## [Required work]
What is needed is a verbatim copy of the data, minus the pictures.

## [Input data]
________________________________________
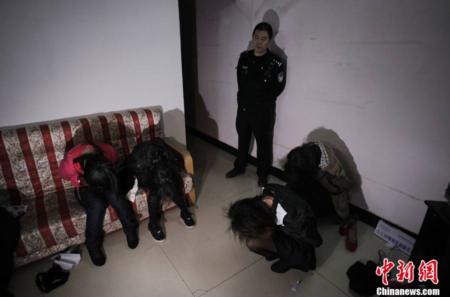 2010年10月11日,北京警方启动“电网3号”专项行动,在全市范围内严查严打利用出租房、足疗店、养生馆等处所为掩护从事“黄、赌、毒”的违法犯罪活动。赵亢 摄 图片来源:CFP视觉中国
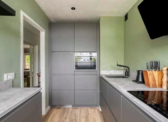 De keuken, die in 2023 is vernieuwd, is gescheiden van de woonkamer en beschikt over een praktische opstelling met inbouwapparatuur. Hier kun je eenvoudig maaltijden bereiden en heb je genoeg ruimte om al je kookgerei netjes op te bergen.
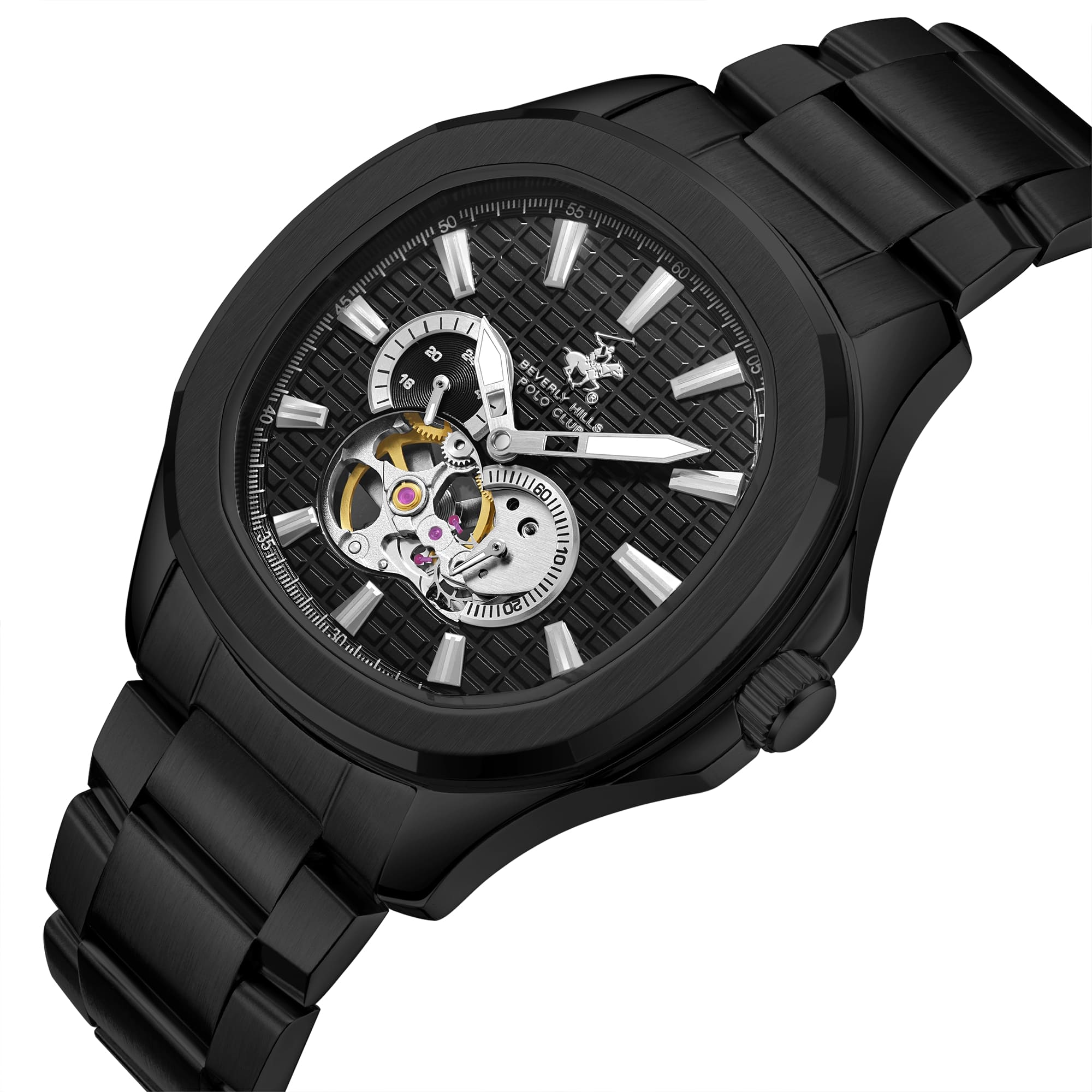 Beverly Hills Polo Club BP3728X.650 – стильные мужские часы, сочетающие современный дизайн и надёжность. Корпус диаметром 41 мм выполнен из нержавеющей стали с PVD-покрытиемPVDУльтратонкое покрытие наносится в технике вакуумного напыления, сочетает в себе нитрид титана особой прочности со слоем золота или оксида хрома. Несёт в себе декоративную или защитную функцию. 316L, обеспечивающей долговечность и устойчивость к коррозии. Циферблат с открытым механизмом (скелетон) придаёт часам уникальный и технически изысканный вид, а его поверхность защищена минеральным стекломМинеральное стеклоМинеральное стекло представляет собой искусственно выращенный минерал кварца. Такое стекло отличается особой устойчивостью к повреждениям и царапинам. Уступает по некоторым качествам сапфировому стеклу., устойчивым к царапинам. Модель оснащена автоматическим механизмом с функцией автоподзавода, что обеспечивает точность хода и удобство использования без необходимости регулярного завода. Дополнительная функция индикации 24 часов повышает практичность часов. Браслет из нержавеющей стали с PVD-покрытиемPVDУльтратонкое покрытие наносится в технике вакуумного напыления, сочетает в себе нитрид титана особой прочности со слоем золота или оксида хрома. Несёт в себе декоративную или защитную функцию. оснащён застёжкой 'бабочка'Застёжка "бабочка"Такой вид застёжки дополняется предохранителями, помогающими избежать случайного раскрытия браслета. Обладают изящным исполнением. , обеспечивающей комфортное ношение и надёжную фиксацию на запястье. Водозащита до 100 метров (10 ATM) позволяет использовать часы при плавании и других водных видах спорта.
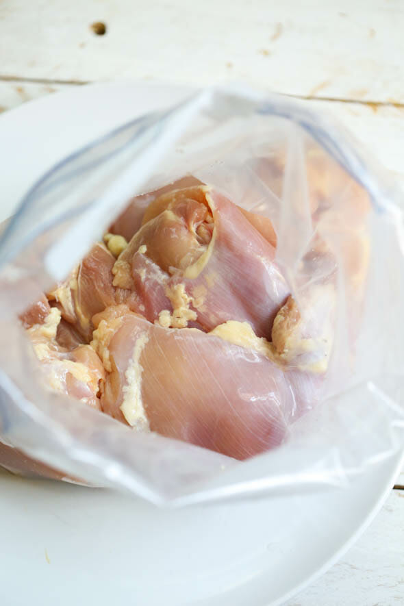 - Place the trimmed chicken thighs in a large Ziploc bag.
________________________________________
## [Answer to the problem]
 2010年10月11日,北京警方启动“电网3号”专项行动,在全市范围内严查严打利用出租房、足疗店、养生馆等处所为掩护从事“黄、赌、毒”的违法犯罪活动。赵亢 摄 图片来源:CFP视觉中国
 De keuken, die in 2023 is vernieuwd, is gescheiden van de woonkamer en beschikt over een praktische opstelling met inbouwapparatuur. Hier kun je eenvoudig maaltijden bereiden en heb je genoeg ruimte om al je kookgerei netjes op te bergen.
 Beverly Hills Polo Club BP3728X.650 – стильные мужские часы, сочетающие современный дизайн и надёжность. Корпус диаметром 41 мм выполнен из нержавеющей стали с PVD-покрытиемPVDУльтратонкое покрытие наносится в технике вакуумного напыления, сочетает в себе нитрид титана особой прочности со слоем золота или оксида хрома. Несёт в себе декоративную или защитную функцию. 316L, обеспечивающей долговечность и устойчивость к коррозии. Циферблат с открытым механизмом (скелетон) придаёт часам уникальный и технически изысканный вид, а его поверхность защищена минеральным стекломМинеральное стеклоМинеральное стекло представляет собой искусственно выращенный минерал кварца. Такое стекло отличается особой устойчивостью к повреждениям и царапинам. Уступает по некоторым качествам сапфировому стеклу., устойчивым к царапинам. Модель оснащена автоматическим механизмом с функцией автоподзавода, что обеспечивает точность хода и удобство использования без необходимости регулярного завода. Дополнительная функция индикации 24 часов повышает практичность часов. Браслет из нержавеющей стали с PVD-покрытиемPVDУльтратонкое покрытие наносится в технике вакуумного напыления, сочетает в себе нитрид титана особой прочности со слоем золота или оксида хрома. Несёт в себе декоративную или защитную функцию. оснащён застёжкой 'бабочка'Застёжка "бабочка"Такой вид застёжки дополняется предохранителями, помогающими избежать случайного раскрытия браслета. Обладают изящным исполнением. , обеспечивающей комфортное ношение и надёжную фиксацию на запястье. Водозащита до 100 метров (10 ATM) позволяет использовать часы при плавании и других водных видах спорта.
 - Place the trimmed chicken thighs in a large Ziploc bag.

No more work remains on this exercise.